6.19.2009

Failed Test #178,493

So for the billionth time since I have been married, I thought there was a small sliver of hope that I was pregnant. Unusual tiredness- CHECK, Sore Bubbies (to be very NJ)- CHECK, weird little twings in the lower part of my stomach- CHECK .........So of course, I play this little scenario out in my head where I will wake up, take the test, see a plus sign, get so excited I start to cry, get Frank so excited he starts to cry and I can finally feel like part of my heart isn't missing.

.........So I go to sleep with the little hope that it's possible.....Maybe it will work for me this time....maybe I won't have to go through the hell that I know is ahead...Maybe God will finally give me my turn.....5:38 am....I can barely stand the excitement .....those two minutes are the longest ever ....and nothing......I look at that negative sign and another piece of my soul is chipped away.....All these little dreams I had came crashing down with the weight of 1000 of my lovely Kate Spade china plates! All I can say to myself is Thank God he is still sleeping...so I don't have to see that disappointed look on his face AGAIN....Thank god he's sleeping because I can barely talk with this lump in my throat....I get mad at myself for putting me through this AGAIN.......

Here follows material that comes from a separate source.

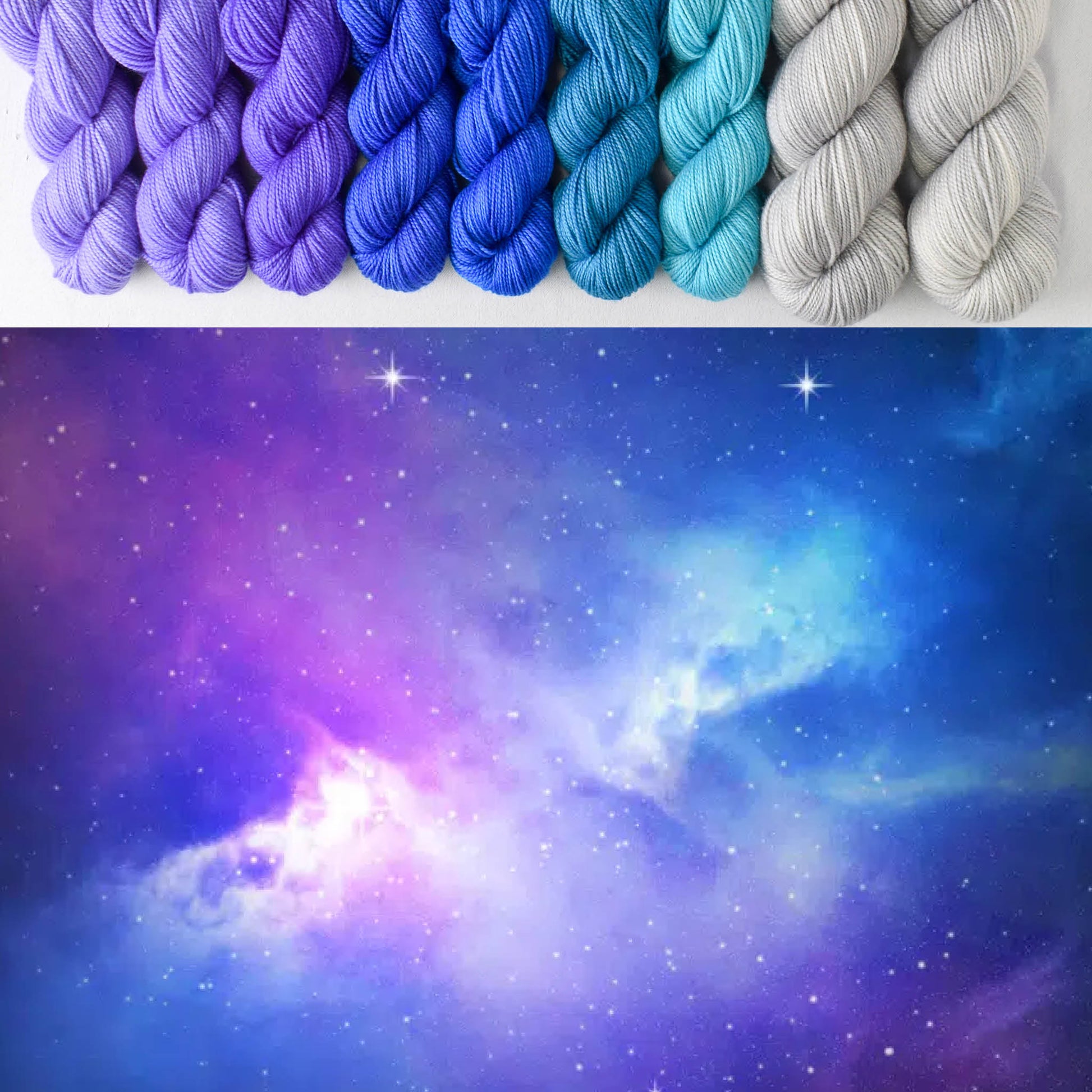 This set contains enough Yummy 2-Ply fingering weight superwash merino wool yarn to make the Cosmic Connections MKAL pattern by Lisa K. Ross: Two full skeins of the main color and one Toe each of 7 contrast colors. All patterns are sold separately.
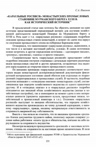 С.А. Никонов «КАРАУЛЬНЫЕ РОСПИСИ» МОНАСТЫРСКИХ ПРОМЫСЛОВЫХ СТАНОВИЩ МУРМАНСКОГО БЕРЕГА XVIII В. КАК ИСТОРИЧЕСКИЙ ИСТОЧНИК *1 В предлагаемой статье нам хотелось бы обратить внимание на один источник представляющий определенный интерес для изучения хозяйст венной деятельности монастырей Поморья на Мурманском берегу в XVIII в. Речь идет о т.н. «караульных росписях» содержащих подробное описание промысловых станов монастырей, в момент их сдачи под караул по окончании промыслового сезона на побережье Баренцева моря. Оговоримся, что наименование «караульная роспись», вынесенное, в том числе и в заглавие настоящей работы, условно. В самих источниках можно встретить и другие определения источника - «договорное письмо», «роспись», «росписка», «запись» и просто «письмо». Содержательная часть «караульных росписей» представляет собой подробное описание построек становища с детальным перечнем различных видов промысловых снастей и других предметов, оставляемых под надзо ром караульщиков до открытия нового промыслового сезона. По внешним признакам «караульные росписи» соответствуют неко торым видам монастырской делопроизводственной документации фикси рующей материальное состояние самой обители или отдельных ее подраз делений (территориальных и промысловых служб). В частности, подобные аналогии возникают с «отводными книгами» монастырских служб, состав лявшимися при передаче хозяйственного ведомства от одного приказчика другому. И в «отводных книгах» и в «караульных росписях» подробно описывается как внешний облик хозяйственного ведомства (жилые и хо зяйственные постройки), так и имеющиеся на момент сдачи в нем матери альные ценности (предметы церковного культа, продуктовые запасы, хо зяйственный и промысловый инвентарь и т.п.). Отличием «караульных росписей» выступает то внешнее обстоятельство, что передача хозяйст венного ведомства производилась не члену духовной корпорации, а наем ному «караульщику», правда, несшему материальную ответственность за сохранность вверяемой ему собственности. Вместе с тем нельзя не отметить, что по внешним признакам «роспи си» близки документам трудового найма, поскольку нередко содержат ус ловия найма работника: оплата труда и обязательства, взятыми на себя ка раульщиком за сохранность имущества. Несмотря на видовую принадлежность «росписей» к массовым источ никам, степень их сохранности на настоящее время незначительна. В поле ' Работа выполнена при финансовой поддержке РГНФ и Правительства Мурманской области (проект № 10-01-43101 а/С). 233

......I would KILL for a chance to be "normal" ...for a "missed period" to be the sign .....for the friggen excitement of not trying and it just happening! I will never know that joy...and I feel robbed....What did I do to deserve this?!!?!? I feel so alone...like I'm in this great big pool of quicksand and I can't get out ....each day that passes I fall deeper and deeper...I hear my doc in the distance tell me over and over "the younger you are, the easier it will be....Around the time you hit thirty its gonna be really really hard".....I'm screaming for the clocks to stop because time keeps passing and nothing is ever working out right ......

.....I'm alone and I'm mad.....I would have had 1000 babies already if we had the friggen insurance we need...but no...nothing ever works out that way for us.....We decided to try without insurance and found a somewhat compassionate doctor who turned into a douche a couple weeks later...."I'm sorry you want how much for each office visit" "$400" "and you want to see me how many times a month " "at least two ...maybe three" WHO THE HELL HAS THAT MONEY LYING AROUND?!?!? I FINALLY got decent insurance in California and we moved before I was able to use it. and now that we moved to a full coverage state I can't get a state job to save my life.......what if we aren't meant to have kids? that pain is almost unbearable!!!! Each test that fails my faith slips a little bit more....I'm starting to realize this is science, not god.....and we all know how bad I was in science!!!

.......to make myself feel better I ordered a black Kate Spade bag that I saw.....so in about a week ...I will have a new baby.....It's a girl (and I don't even have to wait 9 months)...She will be added to the family of my other "babies" ...and I will treasure her with all that I have!

---It's gonna have to be enough...............................................for now!